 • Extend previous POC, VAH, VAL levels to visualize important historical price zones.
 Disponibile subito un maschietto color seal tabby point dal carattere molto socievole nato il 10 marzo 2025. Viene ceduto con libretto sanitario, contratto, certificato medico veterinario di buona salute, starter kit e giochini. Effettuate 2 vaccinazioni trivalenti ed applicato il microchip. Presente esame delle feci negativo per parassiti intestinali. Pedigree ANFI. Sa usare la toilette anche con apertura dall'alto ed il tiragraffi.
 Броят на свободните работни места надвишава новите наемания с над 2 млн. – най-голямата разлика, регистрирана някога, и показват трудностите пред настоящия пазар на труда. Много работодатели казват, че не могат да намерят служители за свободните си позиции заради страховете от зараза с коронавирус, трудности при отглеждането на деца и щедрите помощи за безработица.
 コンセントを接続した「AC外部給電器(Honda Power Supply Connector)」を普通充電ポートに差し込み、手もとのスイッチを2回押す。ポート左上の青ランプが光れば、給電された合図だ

——————

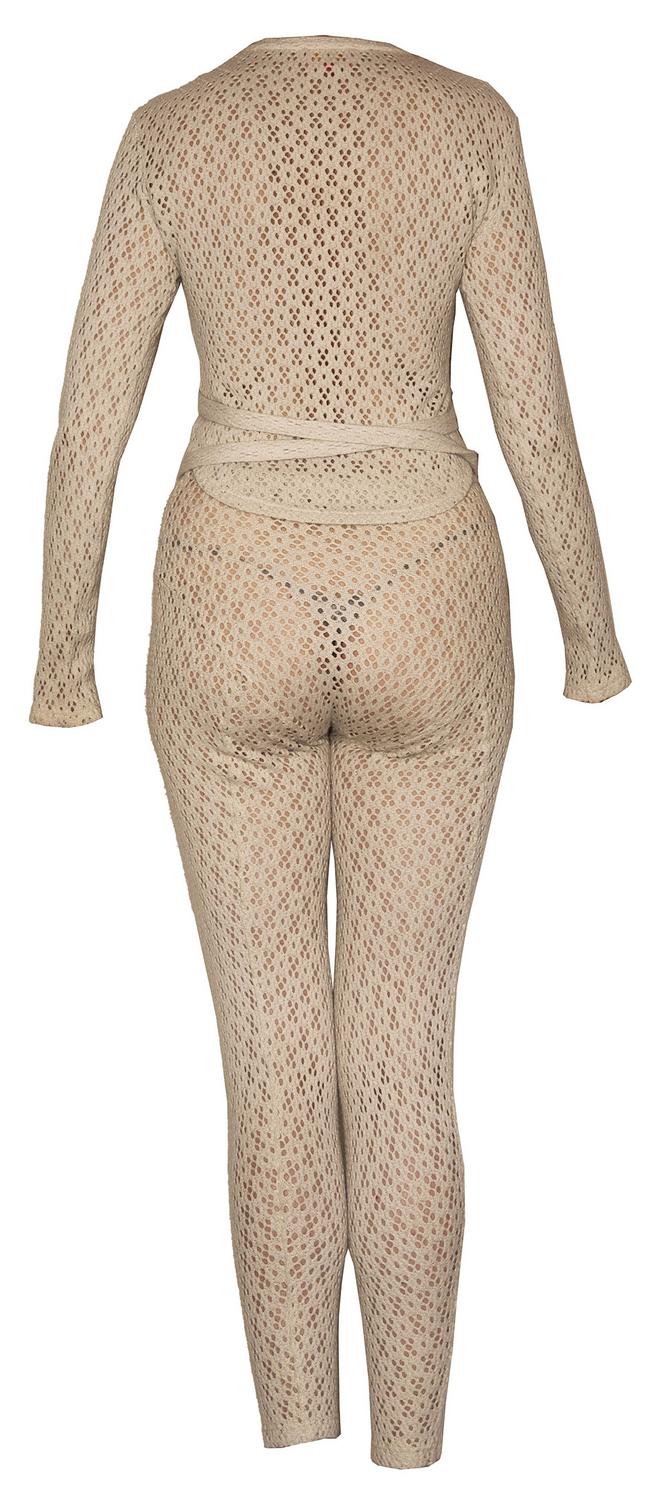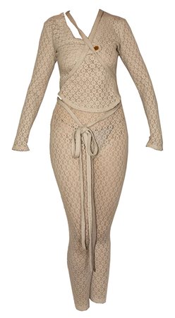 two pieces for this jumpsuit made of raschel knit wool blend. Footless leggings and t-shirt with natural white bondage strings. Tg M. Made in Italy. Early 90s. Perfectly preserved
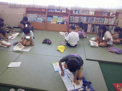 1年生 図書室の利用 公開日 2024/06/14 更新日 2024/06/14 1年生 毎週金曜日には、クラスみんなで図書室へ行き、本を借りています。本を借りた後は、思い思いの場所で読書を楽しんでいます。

——————

• **What the task requires**
From the records above, copy only the lines running from the line holding "two pieces for" through the line holding "1年生 図書室の利用 公開日", with no pictures.

• **Your response**
 two pieces for this jumpsuit made of raschel knit wool blend. Footless leggings and t-shirt with natural white bondage strings. Tg M. Made in Italy. Early 90s. Perfectly preserved
 1年生 図書室の利用 公開日 2024/06/14 更新日 2024/06/14 1年生 毎週金曜日には、クラスみんなで図書室へ行き、本を借りています。本を借りた後は、思い思いの場所で読書を楽しんでいます。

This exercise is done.